Bad query plan decision when using multiple column index - postgresqluses only first column then filters

Поиск
Список
Период
Сортировка
От Cosmin Prund
Тема Bad query plan decision when using multiple column index - postgresqluses only first column then filters
Дата
Msg-id CAGU4dz_tvnjJB3OEgErzt6V1PHACH0WqxwFFoMm+5bCNvjrF4g@mail.gmail.com
обсуждение исходный текст
Ответы Re: Bad query plan decision when using multiple column index - postgresql uses only first column then filters  (Tom Lane <tgl@sss.pgh.pa.us>)
Список pgsql-performance
Hello List, I'm Cosmin. This is my first post and I'll get right down to the problem. I'm using Postgresql 10 (because that's what's installed by default on Ubuntu 18.04):

explain analyze 
   select R, C, V from LBD
   where Ver = 92 and Id in (10,11)

Index Scan using "IX_LBD_Ver_Id" on "LBD"  (cost=0.56..2.37 rows=1 width=13) (actual time=0.063..857.725 rows=2 loops=1)
  Index Cond: ("Ver" = 92)
  Filter: ("Id" = ANY ('{10,11}'::integer[]))
  Rows Removed by Filter: 1869178
Planning time: 0.170 ms
Execution time: 857.767 ms

The  IX_LBD_Ver_Id index is on two columns (Ver, Id) - it's not in "Ver" alone!
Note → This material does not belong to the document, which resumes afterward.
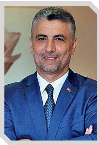
ÖMER BOLAT Türkiye Cumhuriyeti Ticaret Bakanı

Hollanda, Türkiye'nin en büyük doğrudan yatırımcısıdır. Yasal altyapımız, ülkelerimiz arasında 1989 yılında imzalanan Çifte Vergilerin Önlenmesi (ÇVÖA) ve Yatırımların Karşılıklı Teşviki ve Korunması (YTKK) Anlaşmalarına dayanmaktadır.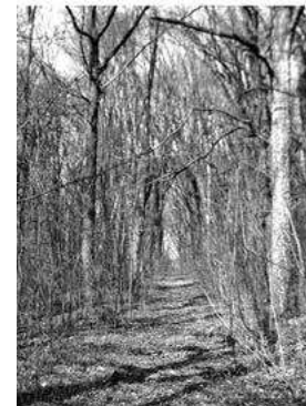
Мал. 2. Алея парку маєтку баронів Местмахер у с. Песець Новоушицького району. Вид зі сходу. Березень 2017 р.

Somehow the query planner thinks that scanning the index on "Ver" alone should only return 1 record. The problem is that there are, on average, millions of records for each "Ver"!
The current query is not my real query: the original problem was with a JOIN. I boiled it down to this simple query because it shows the same problem: when dealing with more then one "Id" the planner scans on "Ver" and filters on "Id". Running the query with a single "Id" does use the index on both columns and the query finishes in only 0.7 ms (one thousand times faster)
The planner doesn't always get it this bad. The original JOIN usually runs instantaneously. Unless the planner gets into it's current funk and then the original JOIN never finishes.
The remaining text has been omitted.